Reason of that data size difference was fragmentation, when he did Split operation SQL Azure engine did rebuild of indexes in background which removed fragmentation and which resulted in reduction in size of database shard.

In another example database size became 350 MB from original 1.5 GB after running query which does rebuild on all indexes of database.(isn’t that great considering how much dollar it would have saved!!!!)

Fragmentation becomes nightmare when we have unique identifier as primary key and large columns like varchar(1000).

Now question comes how to find out whether my database is having fragmentation or not.

 

First let’s find size of all tables in database, most of the people use database size feature of SQL Azure management portal to find out size , I would say instead use SQL Query to find perfect number.

Query:

 

select obj.name, sum(reserved_page_count) * 8.0 as "size in KB" from sys.dm_db_partition_stats part, sys.objects obj where part.object_id = obj.object_id group by obj.name

 

This query gives size of each table in given database.
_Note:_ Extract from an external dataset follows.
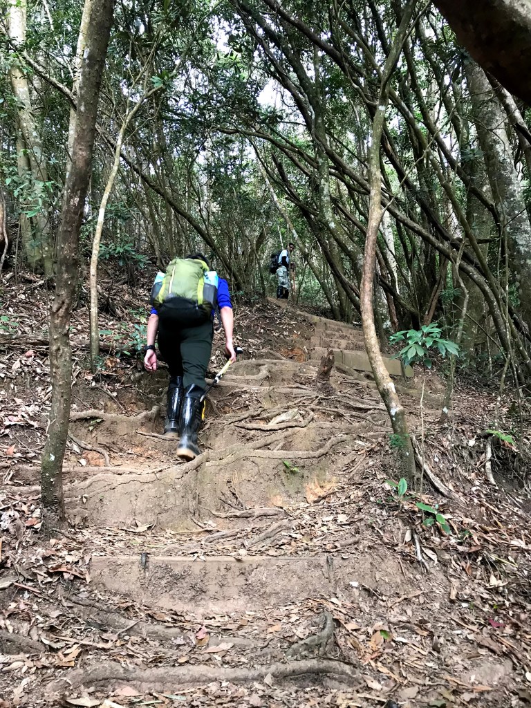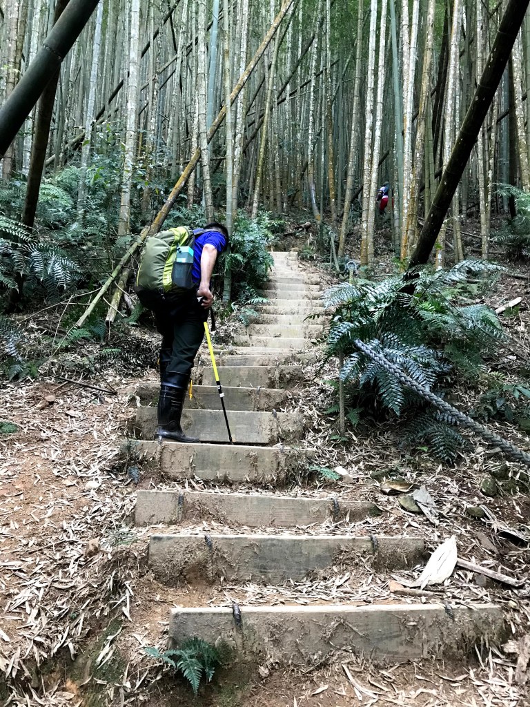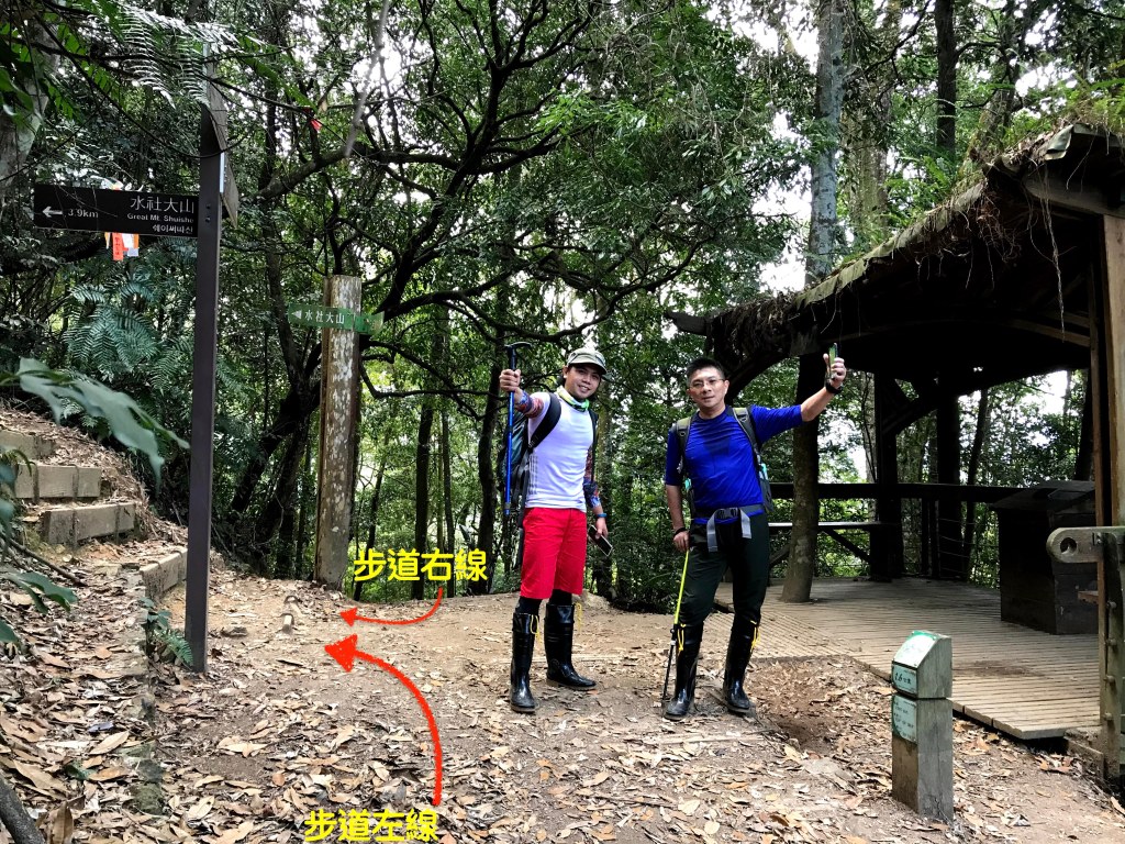 沿著1853階的石階步道逐漸緩上,走上400m後會到達岔路口,左右兩條路線都可走到步道1.6K里程碑的涼亭,我們選擇左線,左線這條中間會與日月潭救國團青年活動中心而來的路徑連結。從步道1.6K里程碑走到步道2K里程碑,就會到達卜吉山,但是我們找不到三角點,因此就直接離開繼續前進。接下來就會經過2.75K觀景台、4.2K避雨亭、4.7K觀景台、5K觀景台,一路陡上而在接近中午抵達水社大山。在這過程中跑出來兩條狗一路跟著我們走,一條小黑、一條小黃,其中小黑跟了一半就不見了,而小黃則一路跟著我們一直回到停車場前才突然發現牠不告而別了。

Connect to database in concern and run this query.

 

 

select sum(reserved_page_count) * 8.0 / 1024 as "size in MB" from sys.dm_db_partition_stats

This query gives size of overall database… In case you are not interested in size of each table!

 

Now next task is finding out % of fragmentation…

 

For that also we have query which uses SQL Azure DMV’s to find out % of fragmentation

 

SELECT
DB_NAME() AS DBName
,OBJECT_NAME(ps.object_id) AS TableName
,i.name AS IndexName
,ips.index_type_desc
,ips.avg_fragmentation_in_percent
FROM sys.dm_db_partition_stats ps
INNER JOIN sys.indexes i
ON ps.object_id = i.object_id
AND ps.index_id = i.index_id
CROSS APPLY sys.dm_db_index_physical_stats(DB_ID(), ps.object_id, ps.index_id, null, 'LIMITED') ips
ORDER BY ps.object_id, ps.index_id

 

Running this query will give you result something like…

 

 

 

So it gives,

1)      Database Name

2)      Table Name

3)      Index Name

4)      Index type

And

5)      % of Fragmentation for that index

 

Any index which shows more than 10% of fragmentation needs rebuild or reorganization of index.

If fragmentation is less than 30% we can go with reorganization of index and if fragmentation is more than 30% then we need to rebuild indexes.

When we rebuild indexes we can do it with ONLINE=ON option which will keep table live while rebuilding happens, it will slow down overall rebuilding process.

 

There is a limitation that when we have any table which has columns which has large data like

varchar(50) varbinary(max) etc , we cannot do rebuild operation with ONLINE=ON .

 

For such table when we do rebuild of indexes table won’t be accessible.

 

Now question is how to do rebuild or reorganization of indexes…?

 

We have query for that also…

 

Query:

 

DECLARE @TableName varchar(255)

DECLARE TableCursor CURSOR FOR
(
SELECT '[' + IST.TABLE_SCHEMA + '].[' + IST.TABLE_NAME + ']' AS [TableName]
FROM INFORMATION_SCHEMA.TABLES IST
WHERE IST.TABLE_TYPE = 'BASE TABLE'
)

OPEN TableCursor
FETCH NEXT FROM TableCursor INTO @TableName
WHILE @@FETCH_STATUS = 0

BEGIN
PRINT('Rebuilding Indexes on ' + @TableName)
Begin Try
EXEC('ALTER INDEX ALL ON ' + @TableName + ' REBUILD with (ONLINE=ON)')
End Try
Begin Catch
PRINT('Cannot do rebuild with Online=On option, taking table ' + @TableName+' down for douing rebuild')
EXEC('ALTER INDEX ALL ON ' + @TableName + ' REBUILD')
End Catch
FETCH NEXT FROM TableCursor INTO @TableName
END

CLOSE TableCursor
DEALLOCATE TableCursor

 

 

 

You need to connect to database which is having fragmentation problem and run this query, it will do rebuild on all tables present in database.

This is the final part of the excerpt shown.